Chicken, Rice & Salsa is good.

I used to make Pasta and Chicken but for the "sauce" I used a tin of chopped tomatoes, peppers and onions, chilli powder, paprika, dash of worcester sauce and a touch of tomato sauce. Awesome!

Brown wrap, spinach, cooked chicken and if you mix hummus with curry paste it makes coronation chicken. Tastes good.


----------



## Silverchair

i just like to keep it simple.

100-150g of oats, 250g of chicken, 75g brocolli. sauce it up if you need. i often cba!


----------



## Spangle1187

Remember, when they have a coffee break to combat the mid afternoon low you can always break out a shake! Tea, coffee no thanks I will make my own, bang no need for hot water just give it a shake and yours is ready before theirs, and add oats if needed.

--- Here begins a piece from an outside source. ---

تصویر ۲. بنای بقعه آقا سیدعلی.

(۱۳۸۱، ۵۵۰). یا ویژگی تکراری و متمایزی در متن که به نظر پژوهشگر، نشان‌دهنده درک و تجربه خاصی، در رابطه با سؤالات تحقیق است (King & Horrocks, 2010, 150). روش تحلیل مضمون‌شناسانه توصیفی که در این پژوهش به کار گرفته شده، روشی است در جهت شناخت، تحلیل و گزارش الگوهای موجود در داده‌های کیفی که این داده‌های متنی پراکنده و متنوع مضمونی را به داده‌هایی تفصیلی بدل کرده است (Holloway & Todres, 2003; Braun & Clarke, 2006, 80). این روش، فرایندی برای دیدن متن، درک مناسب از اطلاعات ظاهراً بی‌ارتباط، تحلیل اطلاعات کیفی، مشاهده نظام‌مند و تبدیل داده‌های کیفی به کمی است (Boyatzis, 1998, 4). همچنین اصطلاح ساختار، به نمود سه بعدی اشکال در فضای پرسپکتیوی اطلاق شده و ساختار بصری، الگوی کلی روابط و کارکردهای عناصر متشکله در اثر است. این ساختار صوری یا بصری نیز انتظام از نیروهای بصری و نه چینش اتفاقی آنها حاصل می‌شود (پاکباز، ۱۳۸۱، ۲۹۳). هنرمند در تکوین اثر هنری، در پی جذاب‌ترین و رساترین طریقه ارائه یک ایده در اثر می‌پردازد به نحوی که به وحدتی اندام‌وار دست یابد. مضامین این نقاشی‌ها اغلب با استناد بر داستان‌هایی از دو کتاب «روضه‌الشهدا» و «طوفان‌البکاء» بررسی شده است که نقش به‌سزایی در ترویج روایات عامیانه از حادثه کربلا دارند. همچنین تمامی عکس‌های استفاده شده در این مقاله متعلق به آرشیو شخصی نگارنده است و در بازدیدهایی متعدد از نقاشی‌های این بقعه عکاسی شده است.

I have done this everywhere I work, some get it some don't, to the ones who don't I just say I am greedy ****er!


----------



## 18351

Spangle1187 said:


> Remember, when they have a coffee break to combat the mid afternoon low you can always break out a shake! Tea, coffee no thanks I will make my own, bang no need for hot water just give it a shake and yours is ready before theirs, and add oats if needed.
> 
> I have done this everywhere I work, some get it some don't, to the ones who don't I just say I am greedy ****er!


lol love it :thumb:


----------



## Will101

This type of thread comes up quite a lot and the usual outcome is that it is best to cook it the night before. I know a lot of people even prep a weeks meals at weekends and box them up for the week.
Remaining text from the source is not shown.